Reconstruct the original polynomial from the quotient and remainder. Check that the reconstructed polynomial equals p by using isAlways.

pOrig = expand(sum(q.*d) + r);
isAlways(p == pOrig)
ans =
logical
1

Specify the polynomial variables as the second argument of polynomialReduce.

Divide exp(a)*x^2 + 2*x*y + 1 by x - y with the polynomial variables [x y], treating a as a symbolic parameter.

syms a x y
p = exp(a)*x^2 + 2*x*y + 1;
d = x - y;
vars = [x y];
r = polynomialReduce(p,d,vars)
r =
(exp(a) + 2)*y^2 + 1

Reduce x^5 - x*y^6 - x*y by x^2 + y and x^2 - y^3.

syms x y
p = x^5 - x*y^6 - x*y;
d = [x^2 + y, x^2 - y^3];
[r,q] = polynomialReduce(p,d)
r =
-x*y
q =
[ x^3 - x*y^3, x*y^3 - x*y]

Reconstruct the original polynomial from the quotient and remainder. Check that the reconstructed polynomial equals p by using isAlways.
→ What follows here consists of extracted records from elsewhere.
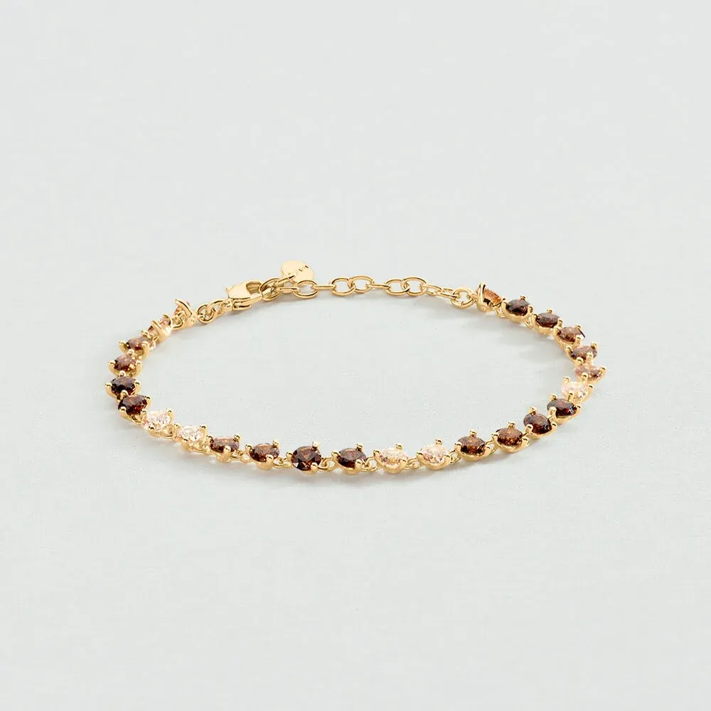 La pulsera de cadena Lutetia de Agatha Paris combina un acabado dorado con circonitas en tonos marrones, creando un juego de colores cálidos muy favorecedor sobre la piel. Su longitud ajustable permite adaptarla cómodamente a la muñeca, mientras los motivos con piedras aportan brillo y un toque sofisticado sin resultar recargados. Es una pieza ideal para quienes quieren incorporar los tonos tierra a sus joyas de diario.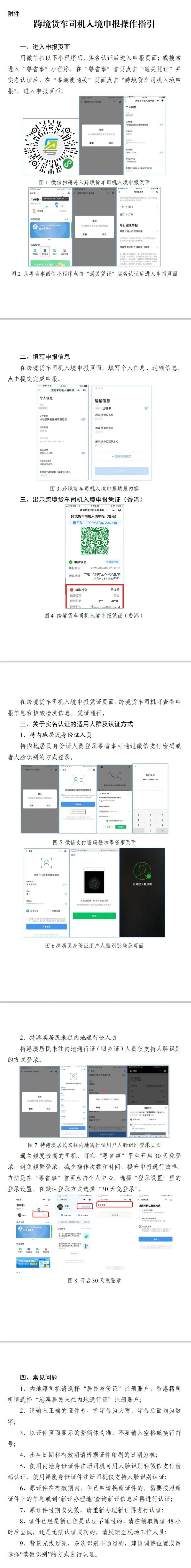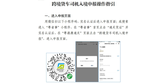 一、跨境司機(jī)入境前應(yīng)在“粵省事”微信小程序(粵省事—粵康碼—粵港澳通關(guān)—跨境貨車司機(jī)入境申報)中準(zhǔn)確申報運(yùn)輸作業(yè)任務(wù)相關(guān)信息,包括作業(yè)目的地詳細(xì)信息(工廠/倉庫名稱及所在街道)、內(nèi)地手機(jī)號碼及相關(guān)個人信息,相關(guān)操作指引詳見附件。入境后所申報手機(jī)號碼將會接收提醒短信。未安裝GPS定位系統(tǒng)和ETC電子不停車收費(fèi)系統(tǒng)的入境貨車,需按照相關(guān)部門安排前往指定場地免費(fèi)安裝GPS和ETC系統(tǒng)。
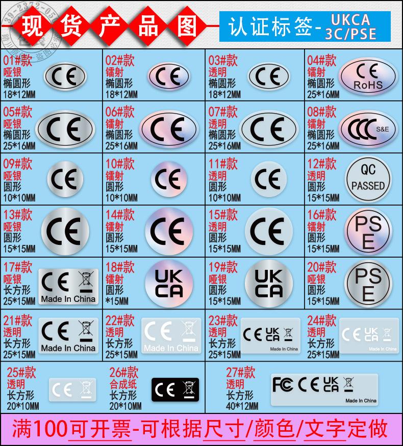 Label customization, CE label 15*15mm spot, UKCA label 15*15mm spot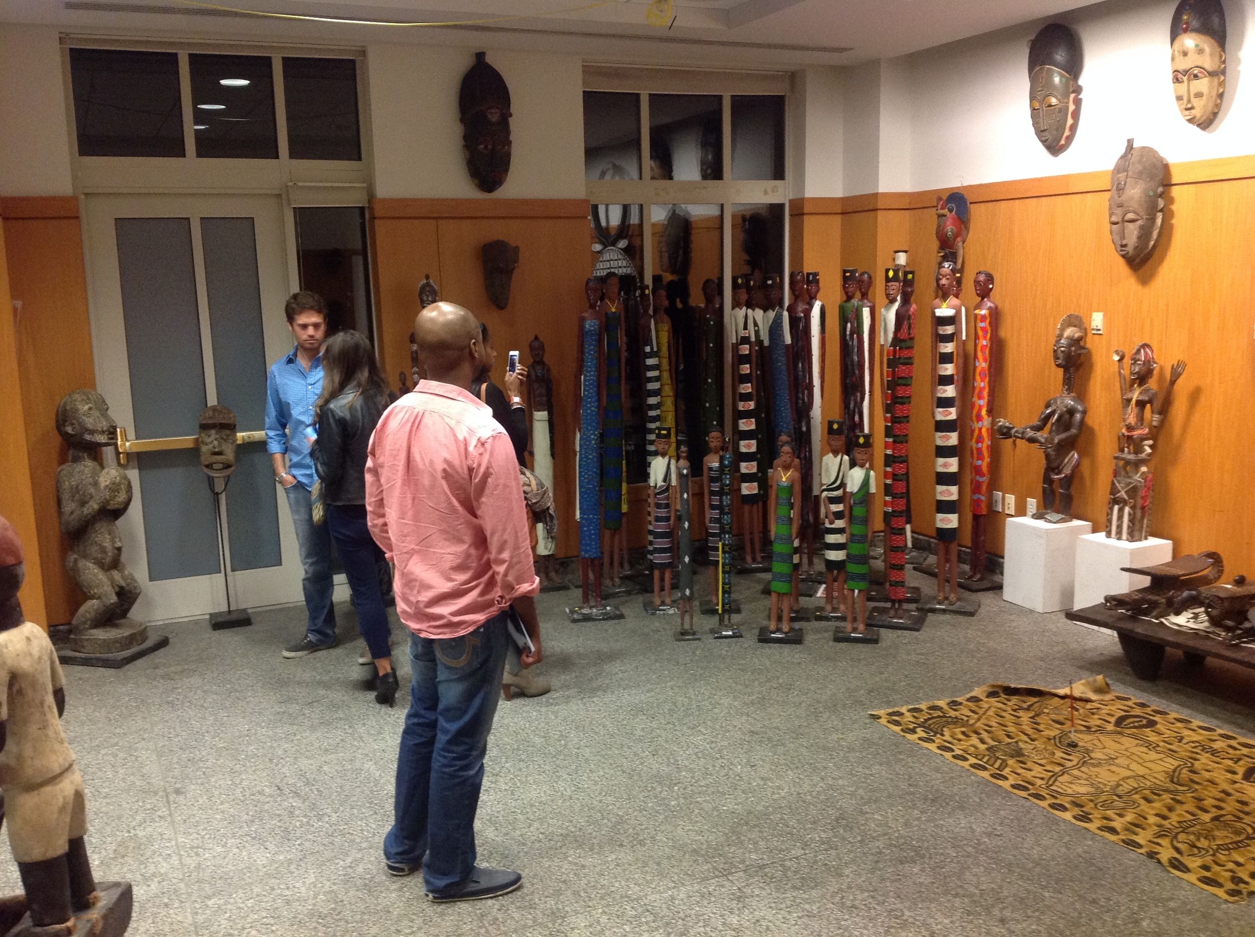 "Art on the Move" is an exhibit from the African art collection of Madame Fatou Sylla, which benefits her foundation, in Abidjan, Cote d'Ivoire. Fondation Fatou Sylla teaches and provides a self-sustaining market opportunity for artisans making traditional African art: masks, tapestry, statues, sculptures, and furniture.
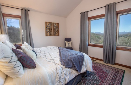 Mountain View Chalet is a charming chalet with sweeping views of the Blue Ridge Mountains. Located between Boone and Blowing Rock, this home is close to many local attractions, such as Appalachian Ski Mountain (15-minute drive), Tweetsie Railroad Amusement Park, and High Gravity Adventures Zipline and Aerial Park (10-minute drive). The scenic Blue Ridge Parkway provides hiking trails, lakes, waterfalls, canoeing, and kayaking and is accessible in less than a 5-minute drive.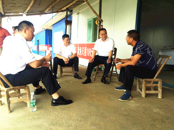 頂著烈日,郭總首先走訪了位于孝感三叉的高檔料養(yǎng)殖示范基地,與孝南區(qū)水產(chǎn)局工作人員圍繞規(guī)模化養(yǎng)殖、養(yǎng)殖模式升級等進行了深入探討,并針對養(yǎng)殖前端料(苗種料)的定位展開進一步溝通交流。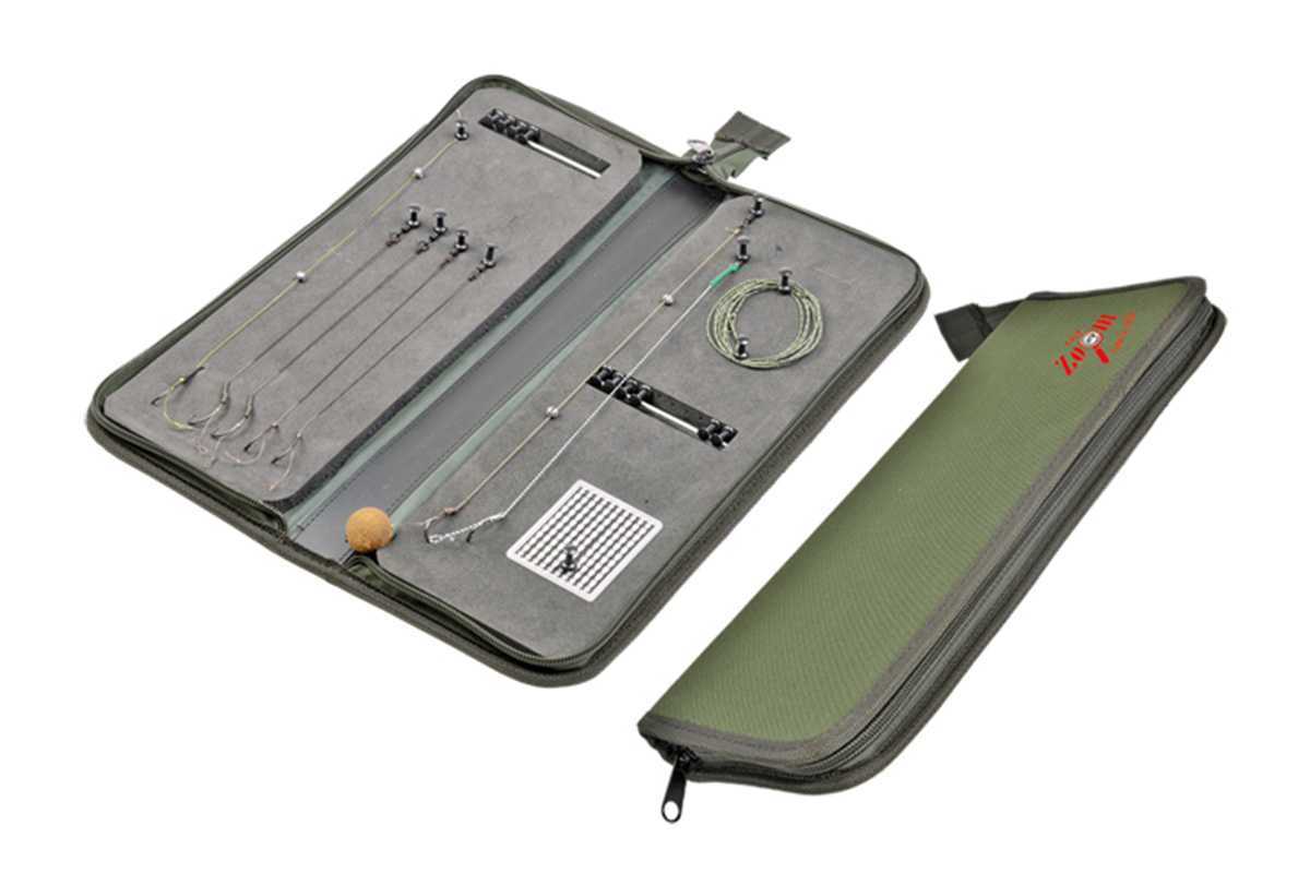 Bojlis és hagyományos horogelőkék tárolására alkalmas táska. Hosszú életű szivacsbetéttel és cipzárral készül. A rögzítő tüskéket tartalmazza.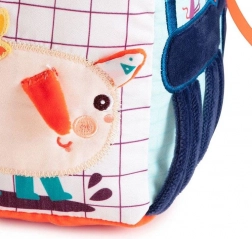 Thanks to varied textures, little pockets, and details (pulling, inserting, taking out), the toy supports fine motor skills and hand–eye coordination, while stimulating vision, hearing, and touch. The ring–teether on an elastic string soothes teething and is easy for small hands to hold.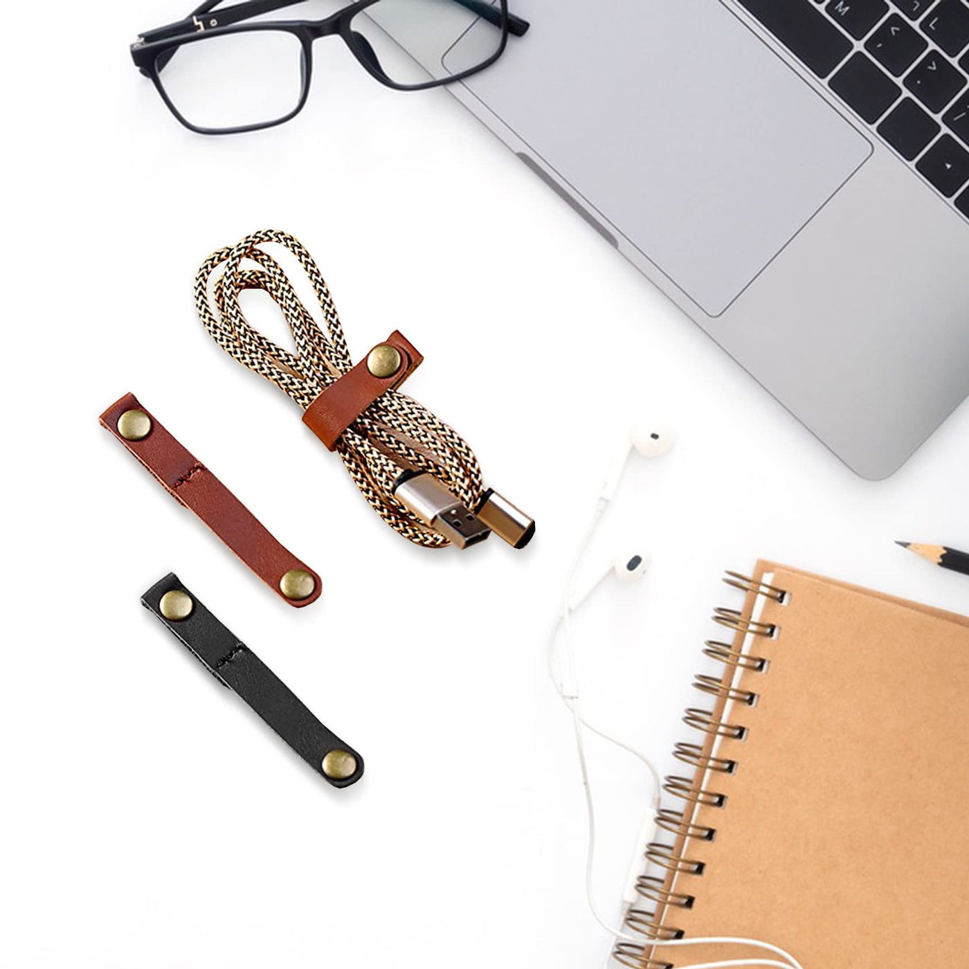 Viaky 24 Pack Leather Cord Organizer Cable Straps, Portable Headphone Usb Cables Keeper Management Ties For Car Office Home (2 S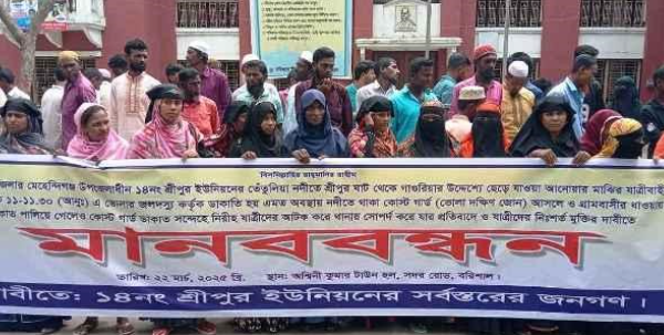 নিজস্ব প্রতিবেদক // বরিশালের মেহেন্দিগঞ্জের তেতুলিয়া নদীতে ডাকাত সন্দেহে গ্রেফতার ৬ ব্যক্তিকে ট্রলারের যাত্রী দাবি করে তাদের মুক্তি চেয়ে মানববন্ধন করেছে এলাকাবাসী। শনিবার (২২ মার্চ) দুপুরে বরিশাল নগরীর অশ্বিনী কুমার হলের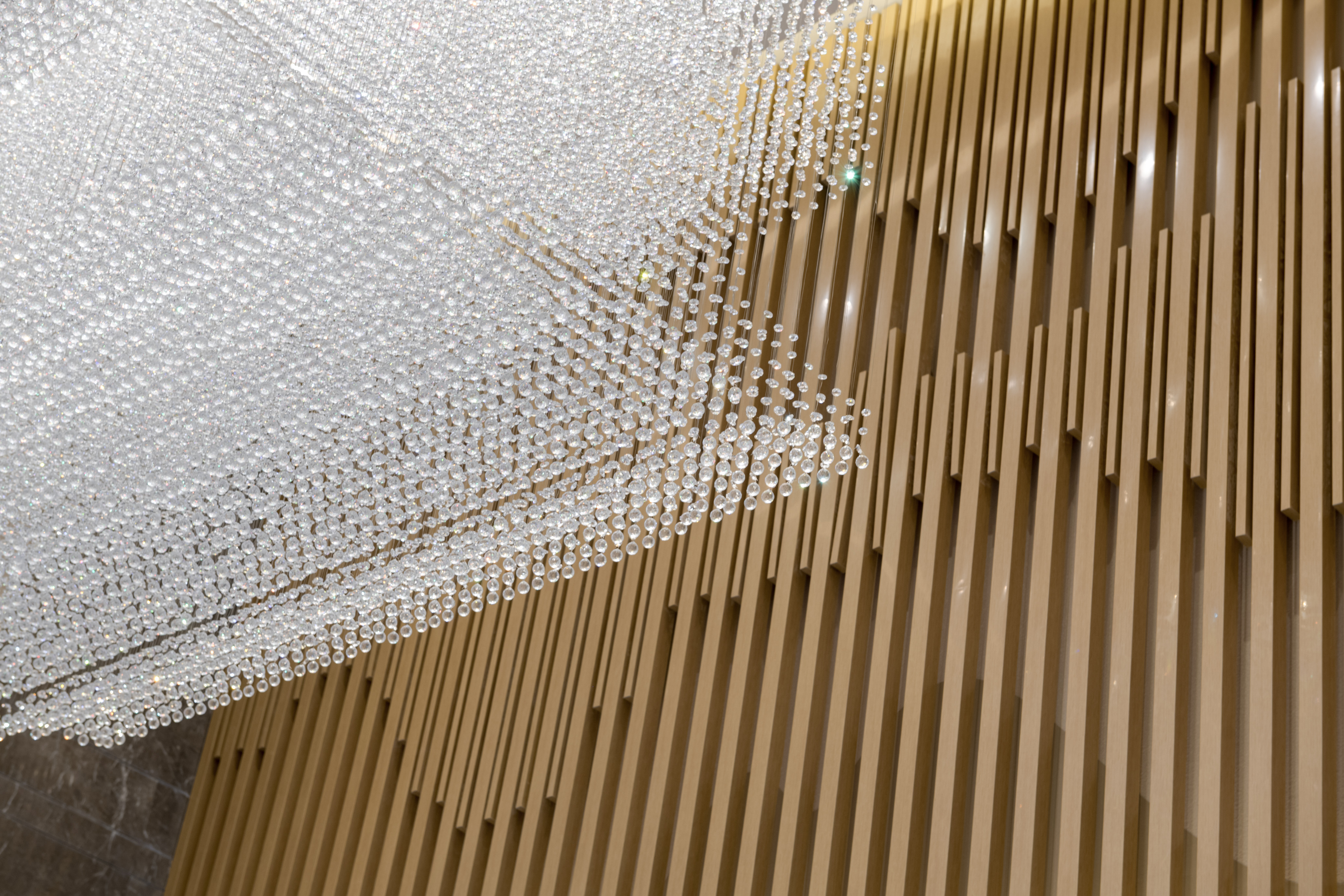 图3沙盘区:灯饰由近千颗水晶珠制成。一颗颗水晶有秩序的走势与山型的木格栅相呼应,点缀了整个沙盘区域。

pOrig = expand(q*d.' + r);
isAlways(p == pOrig)
ans =
logical
1

By default, polynomialReduce orders the terms in the polynomials with the term order degreeInverseLexicographic. Change the term order to lexicographic or degreeLexicographic by using the 'MonomialOrder' name-value pair argument.

Divide two polynomials by using the lexicographic term order.

syms x y
p = x^2 + y^3 + 1;
d = x - y^2;
r = polynomialReduce(p,d,'MonomialOrder','lexicographic')
r =
y^4 + y^3 + 1

Divide the same polynomials by using the degreeLexicographic term order.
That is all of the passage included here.